Packages to map 4-dimensional space with constraints on independent variables

I hope this is not a trivial or insolvable problem and it’s not too much OT. In case it is, apologies in advance for my poor math skills and feel free to hide the question.

I have a complicated function f (continuous, differentiable) of 4 independent parameters, say f(x,y,z,t) all bounded between 0 and 1: x,y,z,t \in [0,1].

Are there packages able to map the 4-dimensional space to find n sets of \{\hat{x},\hat{y},\hat{z},\hat{t}\}_n where the f(\hat{x}_i,\hat{y}_i,\hat{z}_i,\hat{t}_i) \geq 1? I am not sure if this problem can be recast into a constrained optimisation one as I’m interested in the condition f\geq 1 so I suspect that it might be a different type that I’m not aware of and I hope there might be a library able to help me with it.


After putting some more thought in it, I think that I can follow this high-level algorithm.

  1. start with a “Monte Carlo”-like approach sampling the independent variables from uniform distributions
  2. automatically select the closest points to f=1 to identify the frontier
  3. use NumDiff to explore the numerical derivatives around the frontier to understand where the area f\geq 1 is located with respect to the independent variables.

It might work, although I feel that a more “educated” approach might be available.

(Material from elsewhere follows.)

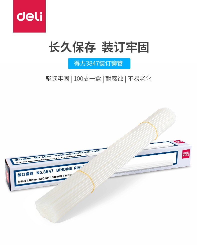 得力财务凭证装订机配套透明尼龙铆管 热熔胶管装订管塑料管耗材 100支/盒 3844(φ5.8*500mm) 自营

Maybe for several time slices, you can do marching cubes to find the f(x,y,z,t_i)=1 isosurface? I’m not an expert on computational geometry, but that was the first thing that came to mind. For this kind of question, maybe the computational science stackexchange ( is another place to try searching/asking.


Apparently a marching hypercubes algorithm was published earlier this year. Have not read it, but the discussion/references might be useful to you, even if the algorithm ends up not being what you want.


“Monte Carlo” methods can be very slow. Are you trying to find an equal potential set of curves like a weather plot?